Tata broadband is the best option for you. It's stable & has almost no issues. It is little expensive though. 

Avoid reliance for sure.


----------



## Gtb93 (Jun 10, 2013)

I've settled for YouBroadband as of now. 2mbps UL no limits. 1400rs per month. 
Will get the connection by wednesday.


----------



## raksrules (Jun 10, 2013)

^^Good. Mine is 1 Mbps UL for half of what you are paying (700 per month).


----------



## Desmond (Jun 10, 2013)

I live in Bavdhan near Kothrud and I use Tata Docomo broadband 999 plan. I've had no problems with it yet and get pretty steady pings.


----------



## quad_core (Jun 11, 2013)

I use BSNL broadband and i m quite satisfied with the service. I am using this since 2005 . I have the 1mbps plan, you can check their other plans too.


----------



## paritosh_sumrao (Oct 31, 2014)

Gtb93 said:


> I've read bad reviews for tikona often. Is it really THAT bad?
> Also, for hathway I've seen the plan-paper that the rep brings, there's no VFM plan at all.
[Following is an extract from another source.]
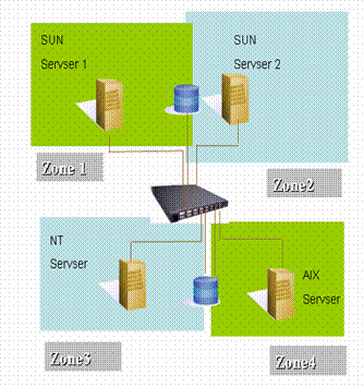 在早期的SAN方案中,服务器大多是同种操作系统,SAN环境下的安全性问题并不突出。但是现在的方案中,异种操作系统并存的需求比比皆是,多套磁盘阵列子系统或具有多个主机接口的磁盘阵列子系统也很常见。为了保证SAN正常工作,不互相破坏数据。基于FC存储交换机层面的Zoning 分区划分,可以有效提供一种解决方案。这样服务器只能访问同一分区内的设备,提高设备访问的安全性。

Tikona is worst possible bradband (?). It hardly works. I could never do skype on itdespite being 2MBPS because of frequent disruptios. But believe me thats not the worst part. Closing of account is the most difficult thing. Even if you say not to recharge it, they will do it. And will threaten you with legal action if thats not paid. Add 1500 closure charges and what not.
Its actually a mental harrasment I hope no one else goes through.


----------